CHP’nin tepkisi Zeytinburnu’nda meydana sığmadı
04 Eylül 2025

CHP Genel Başkanı Özgür Özel, CHP’li belediyeler hakkında süren soruşturmalar ve son olarak CHP İstanbul İl Başkanlığı yönetimine atanan kayyım üzerinden İstanbul Cumhuriyet Başsavcısı Akın Gürlek ile Adalet Bakanı Yılmaz Tunç’a yüklendi. “Adalet Bakanı guguk kuşudur, günde iki defa ‘yargı bağımsızdır’ deyip içeri kaçmaktadır” diyen Tunç’un, Gürlek hakkında dosya yaptığı iddiasında bulunarak, “Adalet Bakanı, savcıyı sevmediğini, hakkında dosya yaptığını, onun da senden nefret ettiğini biliyoruz, tarihe korkak olarak geçeceksin, guguk kuşu olarak geçeceksin” dedi.

İBB soruşturmalarında, “İBB dava borsası” iddiasıyla bazı isimlerin ‘itirafçılığa’ yönlendirildiği iddiasını yineleyen Özel,  Avukat Mehmet Yıldırım ve eski AKP’li Avukat Mücahit Birinci’den sonra bu iddiasına ilişkin bir kişinin daha adını verdi. Akın Gürlek’in Celal Çakmak’ı İmamoğlu dosyasında ‘itirafçı’ yaptığını öne süren Özel, “Geçmişte büyükelçiliklerimizin ‘illallah’ dediği bir adam vardı. Bunlardan birine Akın Gürlek randevuyu verdi. Bu kişinin işi gücü yargı üzerinde etkim var diyerek dolandırıcılık yapmaktı. Bu kişiyi tuttu Akın Gürlek. Bu kişinin adı Celal Çakmak. Akın Gürlek, bu kişiyi İmamoğlu dosyasında iftirafçı yaptı. ‘Murat Ongun’a 20 milyon para verdim’ diye ifade kullandırdı. Şimdi Akın Gürlek’e soruyorum. Celal Çakmak‘a, onun ayarladığı randevuyla o çeteye randevu verdin. Dolandırıcı olduklarını biliyorsun” ifadelerini kullandı.

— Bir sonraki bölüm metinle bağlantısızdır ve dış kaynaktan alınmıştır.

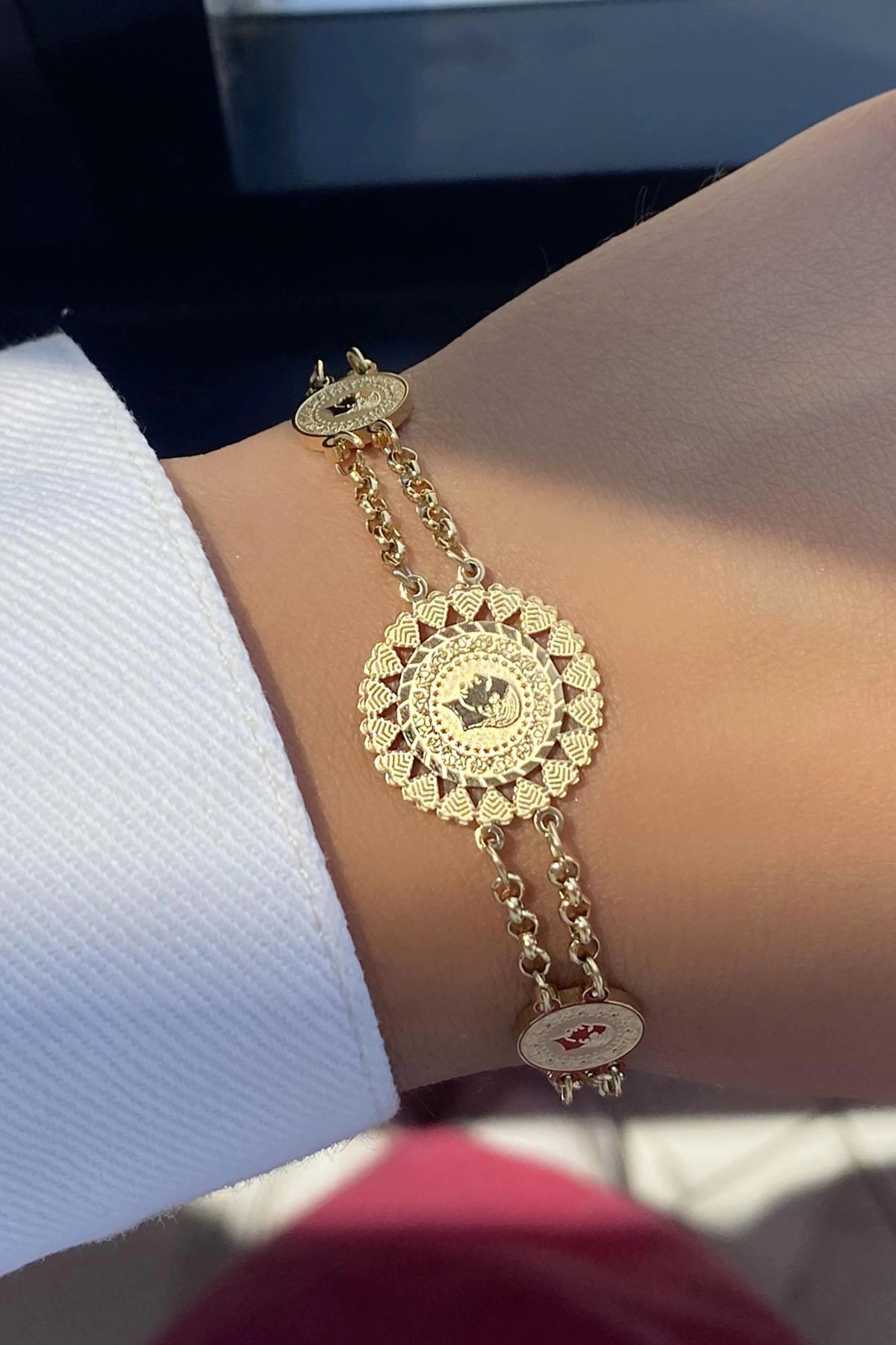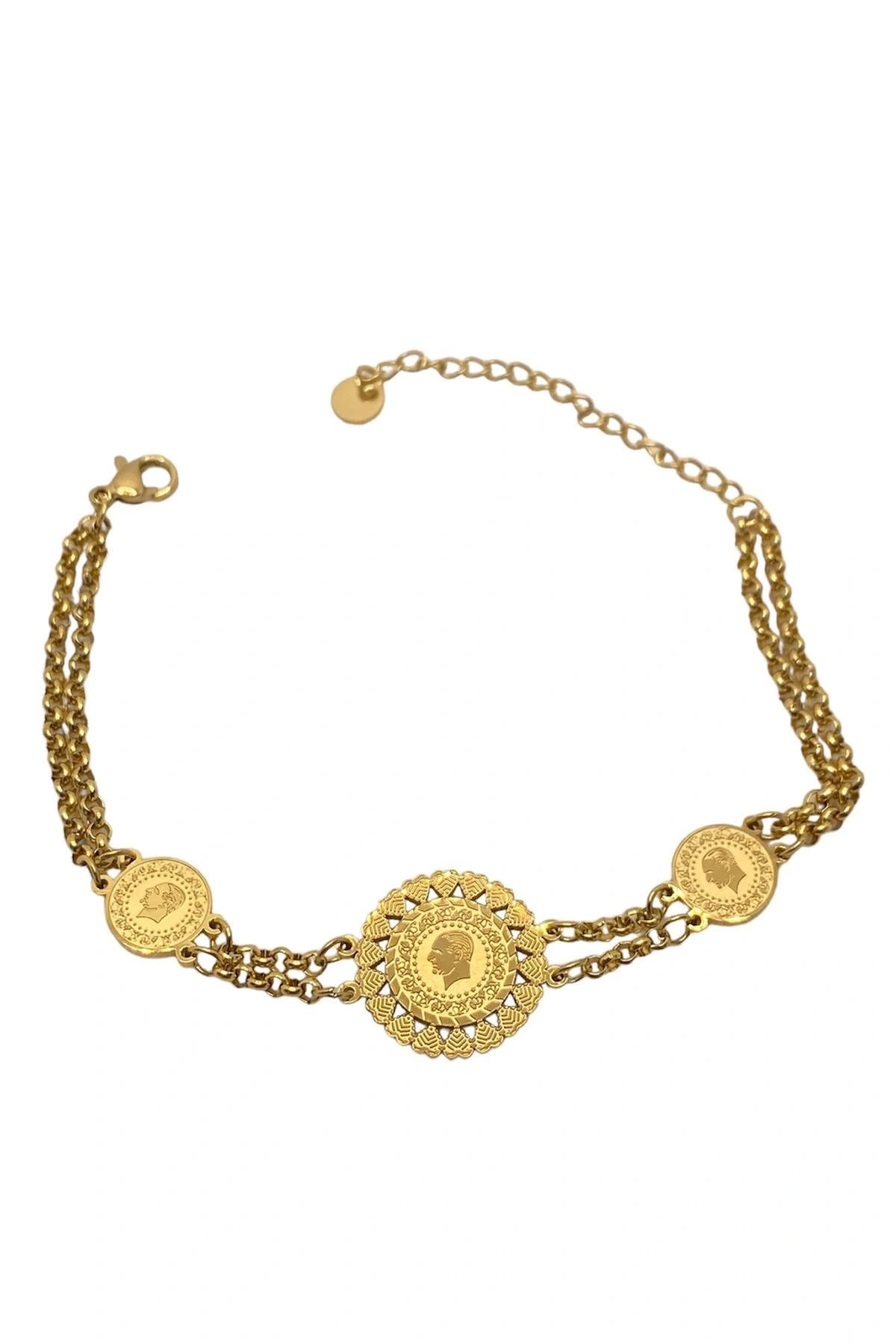 Altın Renk Çeyrek Figürlü Çelik Bileklik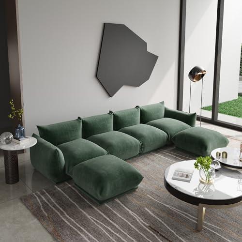 This sectional couch boasts plush comfort combined with a clean-lined, modern design that makes it an attractive centerpiece in any living room, office, or apartment. Upholstered in performance velvet, it features solid wood construction with foam padding, providing a luxurious “sink-in” feel. The sectionals include reversible ottomans that can be arranged as footstools or chaise lounges, offering versatility for various spaces and personal preferences. With ample room for up to six people, this spacious sofa is well-suited for family gatherings or entertaining guests, effortlessly blending functionality with contemporary style.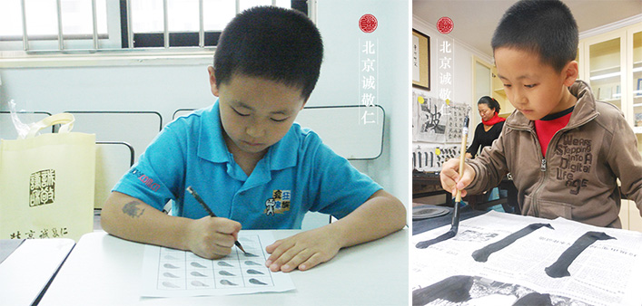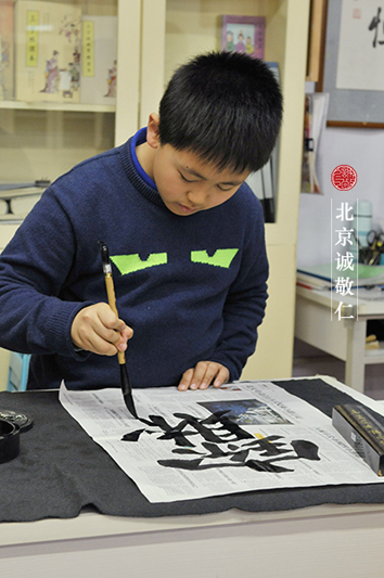 他提出要學書法之后,我們也沒立刻給他報班,因為我們希望他學什么都能夠持之以恒,不是一時興起,說放棄就放棄。于是,我們讓他仔細想清楚,決定學就一定得堅持。此后,每每聊到書法,凱元都說要學。2012年九月底,「楊老師書法教室」在我家樓上開班五個月之后,凱元終于如愿以償,開始了書法學習。

Özel, CHP İstanbul İl Başkanı Özgür Çelik’in yerine kayyım atanmasına ilişkin olarak da, “Bu yargı çetesi Türkiye’yi kirli bir yola soktu. Artık kimsenin mazbatasının bir garantisi yok. Kazanılan seçimin önemi yok. Eldeki belgenin önemi yok. Türkiye’de seçim hukukunu, serbest seçimleri askıya aldılar. Karşımızda kaybedince gitmeyen, yetkiyi gasp eden, hukuku gasp eden, demokrasiyi gasp eden bir rejim vardır. Bu vicdansızlığa teslim olmayacağız” dedi.

Zeytinburnu’nda büyük kalabalık

CHP, “Millet İradesine Sahip Çıkıyor” mitingi kapsamında Zeytinburnu’nda halkla buluştu. Bu miting, CHP İstanbul Başkanlığı yönetiminin görevden alınmasının ardından ilk miting oldu. Oldukça kalabalık bir kitlenin toplandığı mitingde her zaman olduğu gibi önce cezaevindeki Ekrem İmamoğlu’nun  mesajı okundu. Mesajı kürsüde y erine kayyım atanan İstanbul İl Başkanı Özgür Çelik okudu ve Çelik büyük alkış aldı.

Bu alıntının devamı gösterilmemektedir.